━━ EXTRACTED ENTRIES ━━

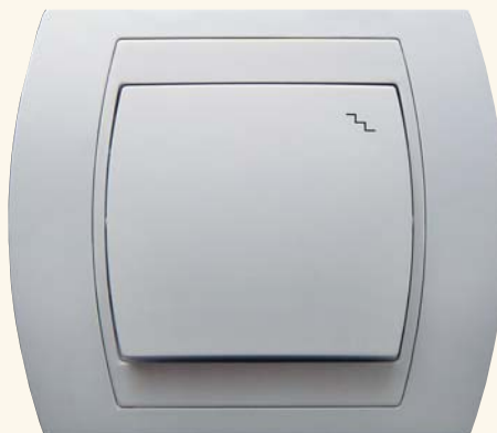
Gazela – łącznik schodowy
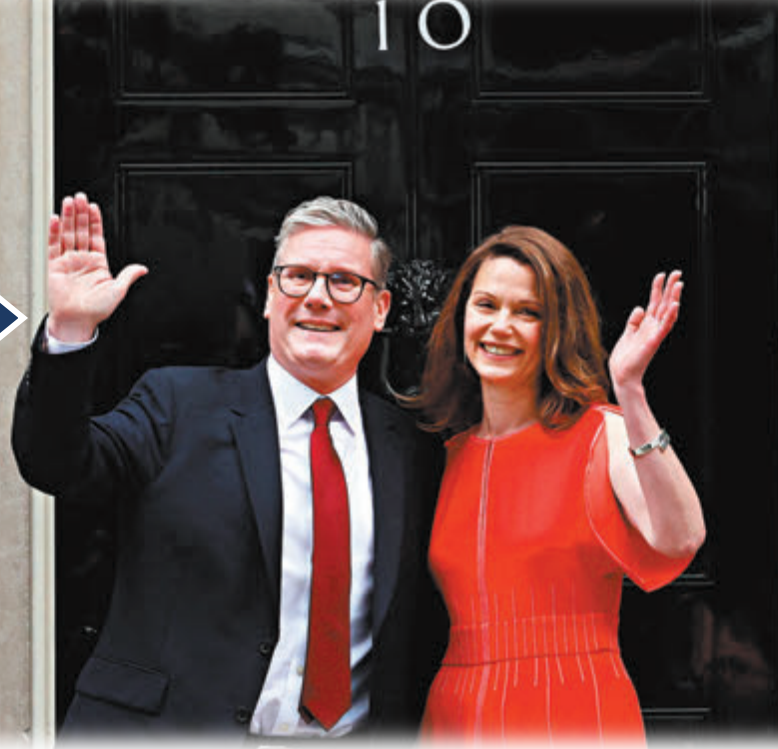
◆斯塔默(左)和妻子維多利亞在唐寧街10號與民眾見面。

《衛報》首席專欄作家貝爾指出，今次選舉體現英國政治環境變化，選民們開始更重視政客們的實際表現，關注其是否兌現競選承諾，「被意識形態狂熱主導的時代已結束，政府的發展前景將更多取決於其實際治理成果。」
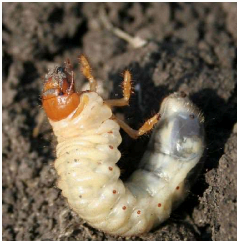
Larve de hanneton
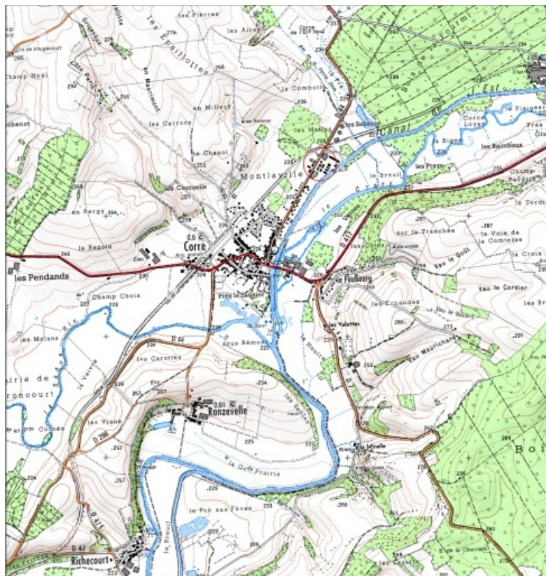
Carte de localisation. Carte topographique au 1:25000, I.G.N., Jussey, 3320 O. 70, Corre, 65 rue Emile Hauviller
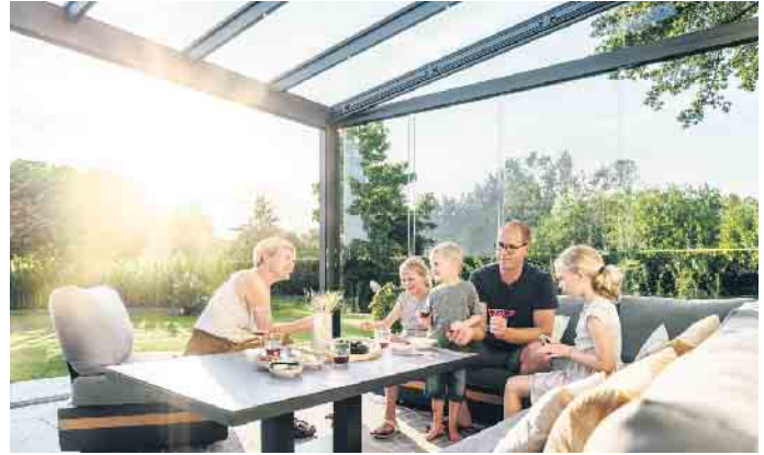
Bewegliche Verglasungen holen die Natur ins Haus.
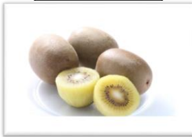
キウイフルーツ「甘うい」
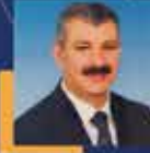
Hüseyin ALTINSOY Aksaray Milletvekili
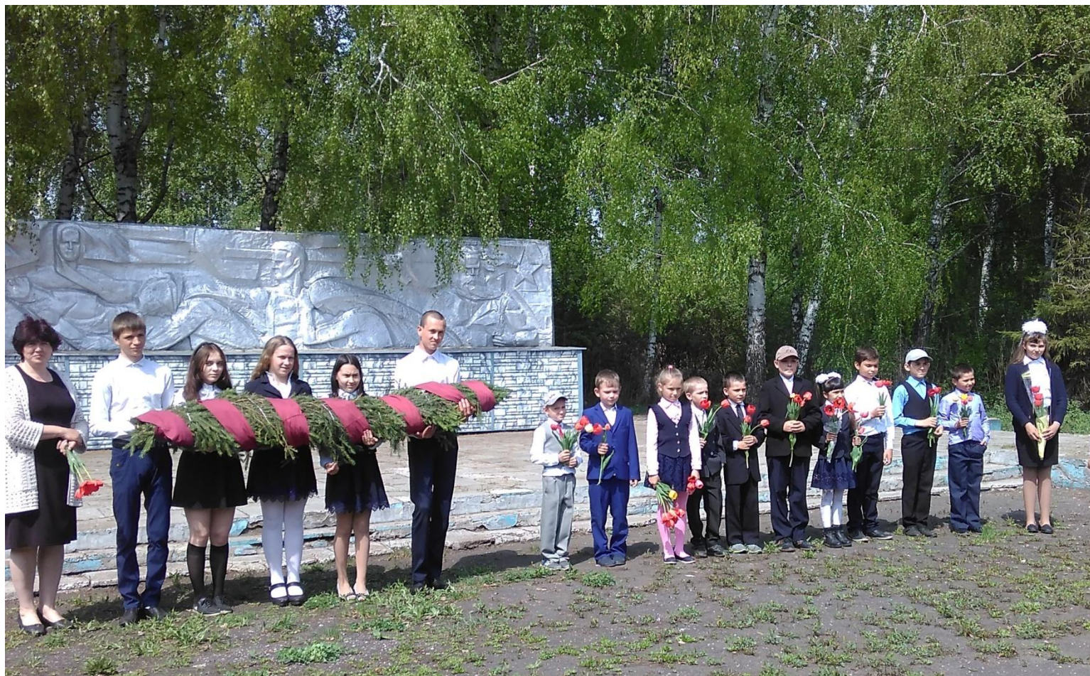
Митинг 9 Мая 2017 года
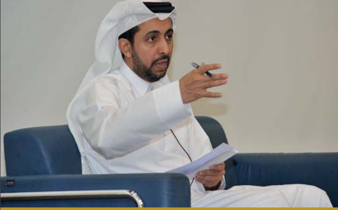
الدكتور حسن الدرهم

الطالب هو محور العملية التعليمية ونبض الجامعة الحي، وسنركز على خدمة الطالب الطلبة مدعوون للمشاركة في اللجان المختلفة بالأقسام الأكاديمية والكليات
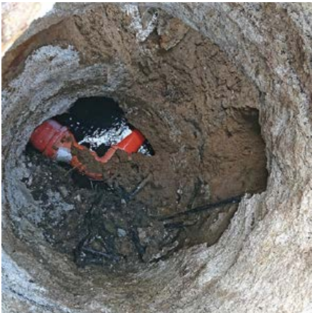
Výmena 17 ks kanalizačných šacht

V súčasnej dobe prebieha výmena sedemnástich starých kanalizačných šacht na trase Gajary, Malé Leváre, Veľké Leváre a Závod, cez ktoré vedie potrubie so splaškovými vodami priamo do čistiarne odpadových vôd v Gajaroch. Pôvodné kanalizačné šachty vplyvom dlhoročného pôsobenia splaškových vôd poznamenali ich funkčnosť a stav, ktorý bol havarijný. Väčšina šacht bola rozpadnutá a neplnila dostatočne svoj účel. Preto bolo nevyhnutné pristúpiť ku kroku, kedy sa vymenia staré šachty za nové. Táto „akcia“ je financovaná z vlastných zdrojov obcí Gajary, Malé Leváre, Veľké Leváre a Závod.
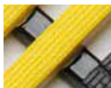
Černo/žlutá Bezpečnostní pruhy
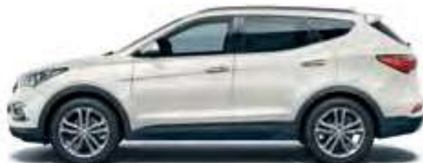
White Crystal (perlamutrinė spalva)
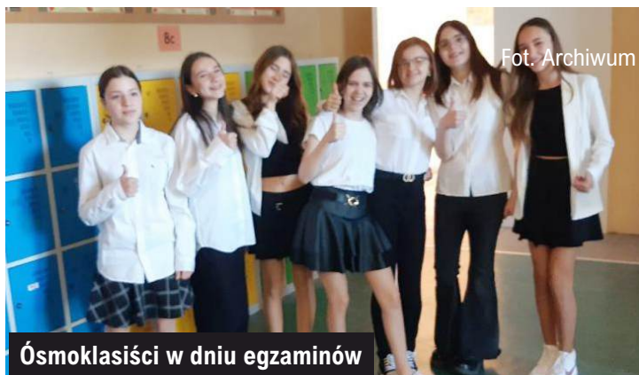
Ósmoklasiści w dniu egzaminów

Referat Oświaty, Spraw Społecznych i Promocji
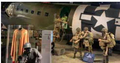
Airborne Museum (50)
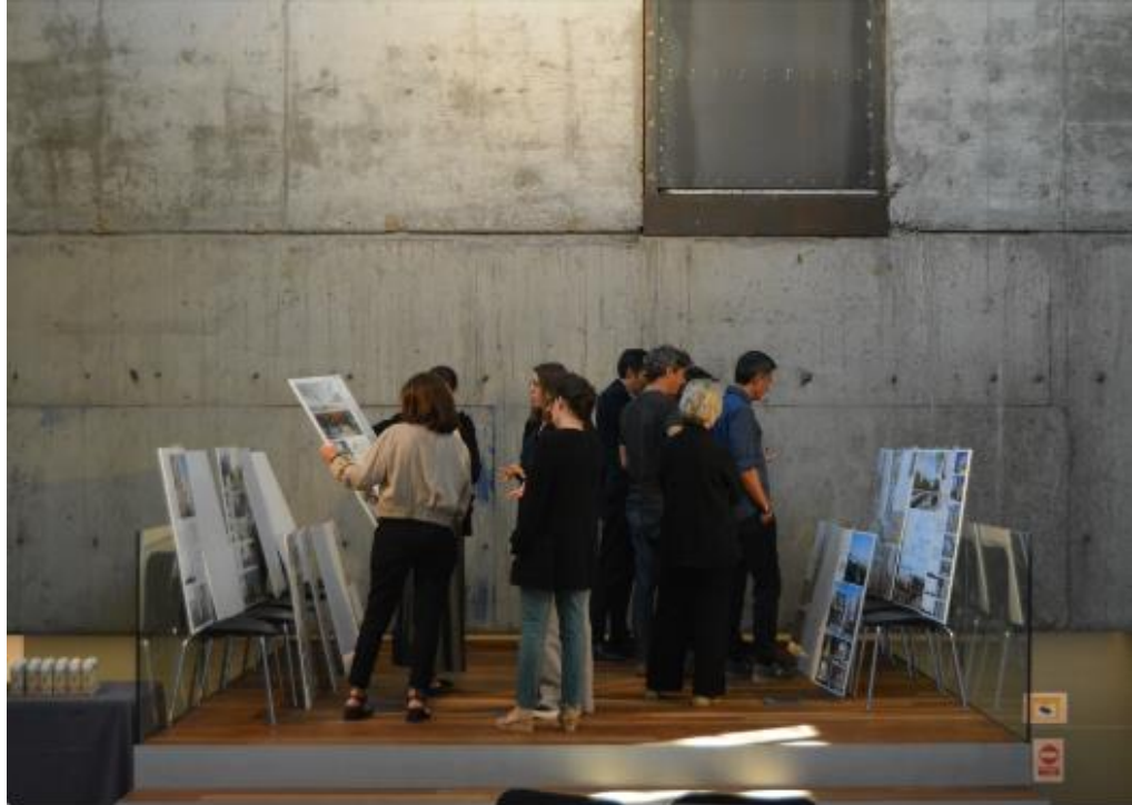
Imagen 1_Deliberación del jurado en la categoría 'Obras' XVI BEAU

━━━

→ **EXERCISE OBJECTIVE**
Using the material above, set down every line exactly, but skip the pictures.

→ **REPLY TO THE TASK**
Gazela – łącznik schodowy
◆斯塔默(左)和妻子維多利亞在唐寧街10號與民眾見面。

《衛報》首席專欄作家貝爾指出，今次選舉體現英國政治環境變化，選民們開始更重視政客們的實際表現，關注其是否兌現競選承諾，「被意識形態狂熱主導的時代已結束，政府的發展前景將更多取決於其實際治理成果。」
Larve de hanneton
Carte de localisation. Carte topographique au 1:25000, I.G.N., Jussey, 3320 O. 70, Corre, 65 rue Emile Hauviller
Bewegliche Verglasungen holen die Natur ins Haus.
キウイフルーツ「甘うい」
Hüseyin ALTINSOY Aksaray Milletvekili
Митинг 9 Мая 2017 года
الدكتور حسن الدرهم

الطالب هو محور العملية التعليمية ونبض الجامعة الحي، وسنركز على خدمة الطالب الطلبة مدعوون للمشاركة في اللجان المختلفة بالأقسام الأكاديمية والكليات
Výmena 17 ks kanalizačných šacht

V súčasnej dobe prebieha výmena sedemnástich starých kanalizačných šacht na trase Gajary, Malé Leváre, Veľké Leváre a Závod, cez ktoré vedie potrubie so splaškovými vodami priamo do čistiarne odpadových vôd v Gajaroch. Pôvodné kanalizačné šachty vplyvom dlhoročného pôsobenia splaškových vôd poznamenali ich funkčnosť a stav, ktorý bol havarijný. Väčšina šacht bola rozpadnutá a neplnila dostatočne svoj účel. Preto bolo nevyhnutné pristúpiť ku kroku, kedy sa vymenia staré šachty za nové. Táto „akcia“ je financovaná z vlastných zdrojov obcí Gajary, Malé Leváre, Veľké Leváre a Závod.
Černo/žlutá Bezpečnostní pruhy
White Crystal (perlamutrinė spalva)
Ósmoklasiści w dniu egzaminów

Referat Oświaty, Spraw Społecznych i Promocji
Airborne Museum (50)
Imagen 1_Deliberación del jurado en la categoría 'Obras' XVI BEAU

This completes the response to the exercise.